**WHAT TO DO**
When you copy the material below, keep every line exact and drop the pictures.

**RAW DATA**
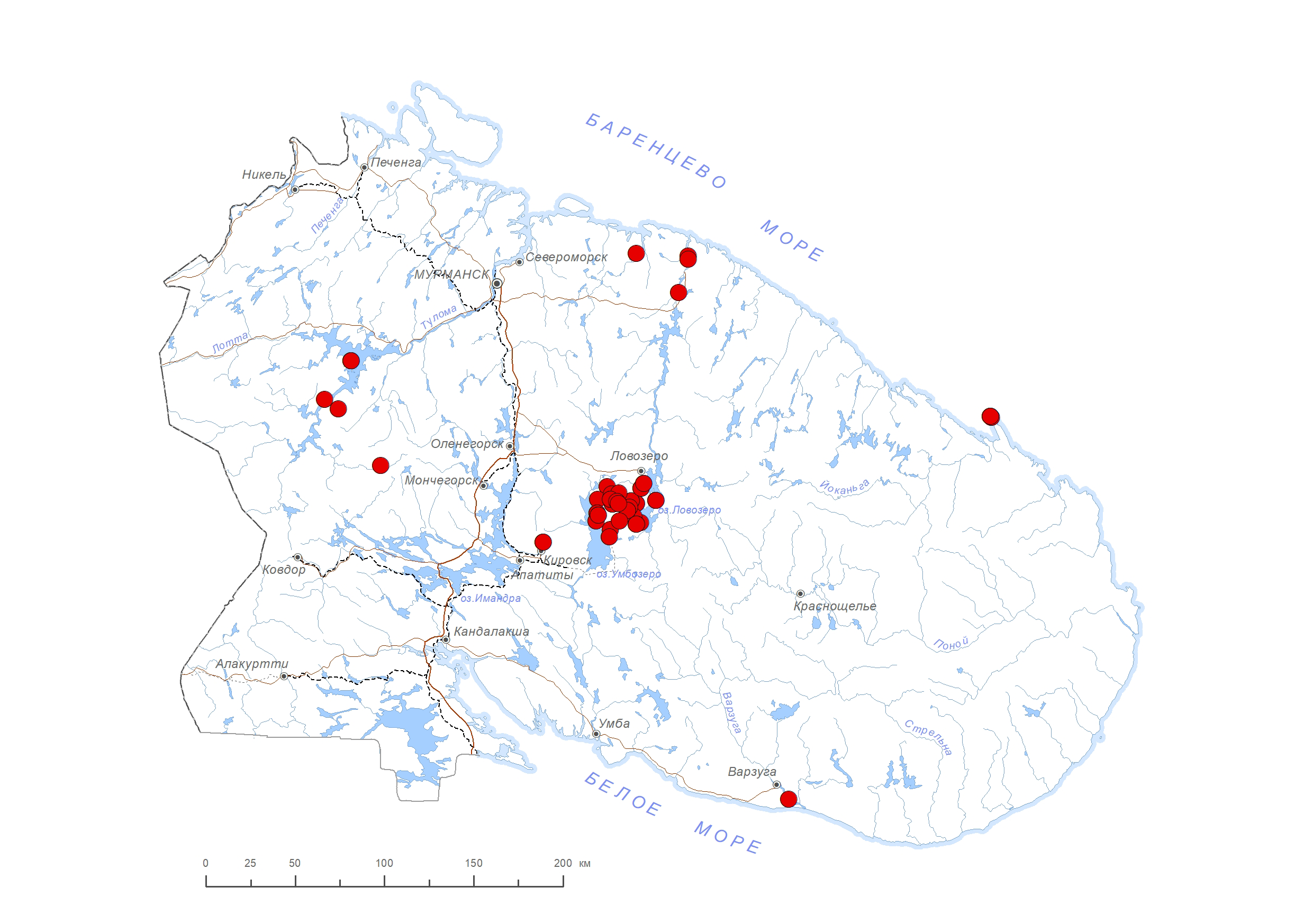 В Мурманской обл.: нижние течения рек Териберка [1] и Воронья [2], ст. Голицыно [2], басс. оз. Нотозеро [3] – Ниванкюль [2], р. Чиль [3], Чильтальд (Туадаш-тундра) [2], Сальные тундры [3], мыс Святой Нос [2–4], р. Западная в Лумбовском заливе [3], Ловозерские горы [2–5]. В России: север европейской части [6]. Вне России: не встречается. В области западный предел распространения. Арктогор-нотундровый европейский вид.
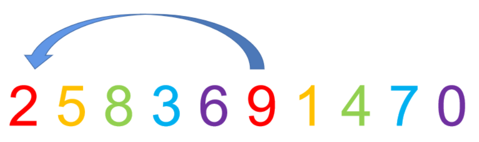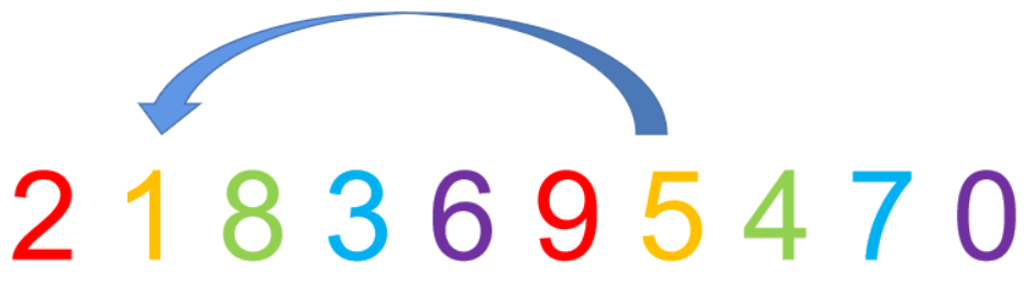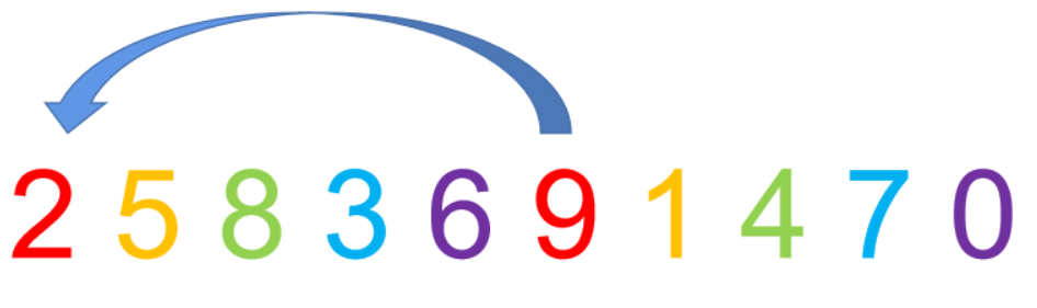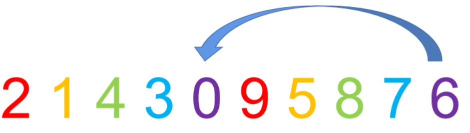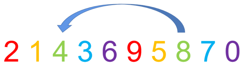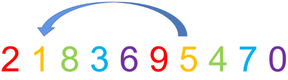 首先2和9位置不变, 然后5和1,需要改变,注意是组内直接插入,然后8和4 , 3和7 , 6和0 。
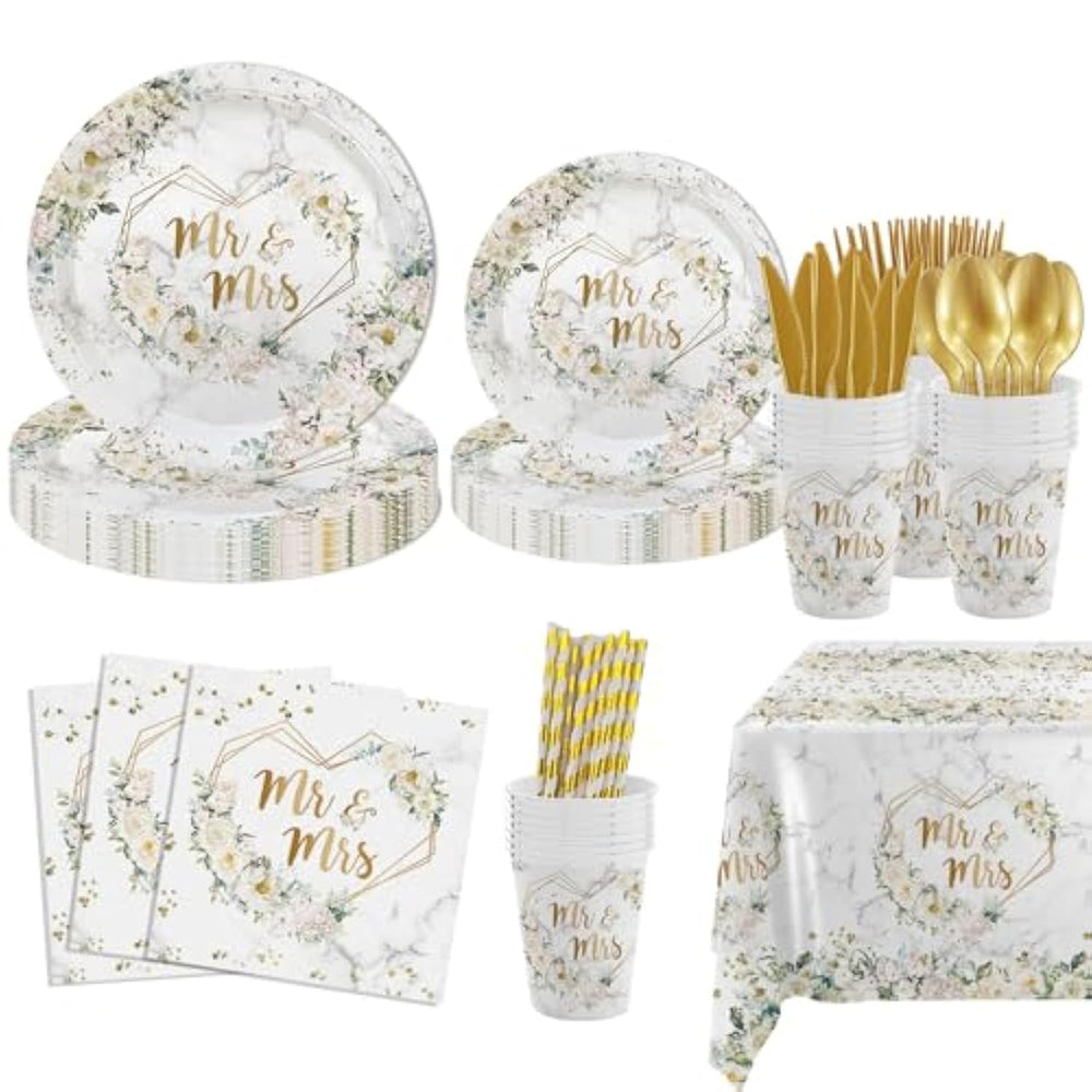 | Serve 24 Guests: Our Gold Wedding Disposable Tableware Set Severs For 24 Guests, Including 24Pcs 7'' Dessert Plates, 24Pcs 9'' Dinner Paper Plates, 24Pcs Paper Cups, 24Pcs Paper Napkins, 24Pcs Plastic Forks, 24Pcs Plastic Knives, 24Pcs Plastic Spoons, 24Pcs Straws And 1Pcs 9X4.5Ft Tablecloths. Add Elegance And Glamour To The Party | | High-Quality Material: Our Mr And Mrs Disposable Plates,Cups And Napkins Are Made Of Quality Paper, Safe, Lightweight And Easy To Grip.Disposable Knives,Spoons And Forks Are Made Of Quality Plastic,Also Odorless, And Safe For Food | | Exquisite Design: Our Gold Wedding Disposable Tableware Set Choose The Gold Text "Mr And Mrs", And Patterned With Gold Flowers,Elegant And Beautiful.The Pattern Is Also Embellished With Gold Dots And Heart-Shaped Geometric Structures, Simple And Elegant, Can Match Well With Wedding Parties.This Design Make People Feel Cosy And Give The Party A Romantic Atmosphere | | Wide Applications: Our Mr And Mrs Wedding Disposable Tableware Set Provide Plates,Cups,Napkins,Tablecloths,Straws, Knives, Spoons And Forks,They Can Match Well With Your Other Wedding Party Decorations,Such As Backdrop,Banner And So On.Suitable For Proposals, Engagements, Weddings, Anniversaries, As Well As Daily Family Dining | | Easy To Clean: Our Floral Wedding Tableware Set Is Disposable, Environmentally Friendly,And Easy To Handle.You Can Just Throw Them In The Bin After The Party, Giving You More Time To Enjoy Party Time With Friends And Family And Less Time To Clean Up | |

**ANSWER SPACE**
 В Мурманской обл.: нижние течения рек Териберка [1] и Воронья [2], ст. Голицыно [2], басс. оз. Нотозеро [3] – Ниванкюль [2], р. Чиль [3], Чильтальд (Туадаш-тундра) [2], Сальные тундры [3], мыс Святой Нос [2–4], р. Западная в Лумбовском заливе [3], Ловозерские горы [2–5]. В России: север европейской части [6]. Вне России: не встречается. В области западный предел распространения. Арктогор-нотундровый европейский вид.
 首先2和9位置不变, 然后5和1,需要改变,注意是组内直接插入,然后8和4 , 3和7 , 6和0 。
 | Serve 24 Guests: Our Gold Wedding Disposable Tableware Set Severs For 24 Guests, Including 24Pcs 7'' Dessert Plates, 24Pcs 9'' Dinner Paper Plates, 24Pcs Paper Cups, 24Pcs Paper Napkins, 24Pcs Plastic Forks, 24Pcs Plastic Knives, 24Pcs Plastic Spoons, 24Pcs Straws And 1Pcs 9X4.5Ft Tablecloths. Add Elegance And Glamour To The Party | | High-Quality Material: Our Mr And Mrs Disposable Plates,Cups And Napkins Are Made Of Quality Paper, Safe, Lightweight And Easy To Grip.Disposable Knives,Spoons And Forks Are Made Of Quality Plastic,Also Odorless, And Safe For Food | | Exquisite Design: Our Gold Wedding Disposable Tableware Set Choose The Gold Text "Mr And Mrs", And Patterned With Gold Flowers,Elegant And Beautiful.The Pattern Is Also Embellished With Gold Dots And Heart-Shaped Geometric Structures, Simple And Elegant, Can Match Well With Wedding Parties.This Design Make People Feel Cosy And Give The Party A Romantic Atmosphere | | Wide Applications: Our Mr And Mrs Wedding Disposable Tableware Set Provide Plates,Cups,Napkins,Tablecloths,Straws, Knives, Spoons And Forks,They Can Match Well With Your Other Wedding Party Decorations,Such As Backdrop,Banner And So On.Suitable For Proposals, Engagements, Weddings, Anniversaries, As Well As Daily Family Dining | | Easy To Clean: Our Floral Wedding Tableware Set Is Disposable, Environmentally Friendly,And Easy To Handle.You Can Just Throw Them In The Bin After The Party, Giving You More Time To Enjoy Party Time With Friends And Family And Less Time To Clean Up | |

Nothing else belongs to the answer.